Mundane Prep To Cure Classic Woes?

Holding a routine and gaining turnovers were keys listed by West Virginia head coach John Beilein as his team tries to win its first game away from home in four tries when it plays Marshall in the Capital Classic on Wednesday.

The Mountaineers, once ranked in the top 25, fell out after consecutive losses to Marquette and Notre Dame. WVU (14-4, 4-3 Big East) chased that with a home win over South Florida, but then lost at Cincinnati in an upset. Beilein stressed that he thought the Bearcats were a team that the Mountaineers could cause turnovers against. Yet after building a 24-10 edge early and leading by as many as 17 points, WVU's defense began to wilt on the interior and its shots failed to fall, leading to a 30-point swing as UC won 96-83 in overtime. West Virginia forced just six turnovers – UC had a whopping 17 assists in comparison – while committing 12, and that led to a lack of points via the break or even off the turnover.

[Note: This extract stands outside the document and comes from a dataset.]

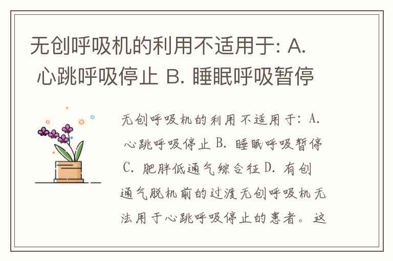 无创呼吸机的利用不适用于: A. 心跳呼吸停止 B. 睡眠呼吸暂停 C. 肥胖低通气综合征 D. 有创通气脱机前的过渡

That turnover theme, harped upon all season by the fifth-year WVU coach, combined with the Mountaineers failing to hit outside shots and get into a flow because of the Bearcat press – something one can expect to see from Marshall – led to the scoring draughts and the eventual loss. The same could hold true in the Classic. Marshall has beaten West Virginia twice in a row largely because WVU failed to hit shots well in the Charleston Civic Center. That was once very much all the Mountaineers had on offense, and it remains a key part. But West Virginia had been able to back cut and hit short jumpers and work the inside game in combination with solid defensive efforts in earlier wins. That appears to have disappeared on the road, where teams are finding successes in the middle via passing to the wings and corner then hitting a cutter and by pressing and not allowing WVU to get into its offensive until the 23-25 second mark. Marshall (7-11, 2-3 C-USA) will certainly try the press, and if WVU can't fight through that and still manage good offensive possessions, it will have no chance to snap its road streak.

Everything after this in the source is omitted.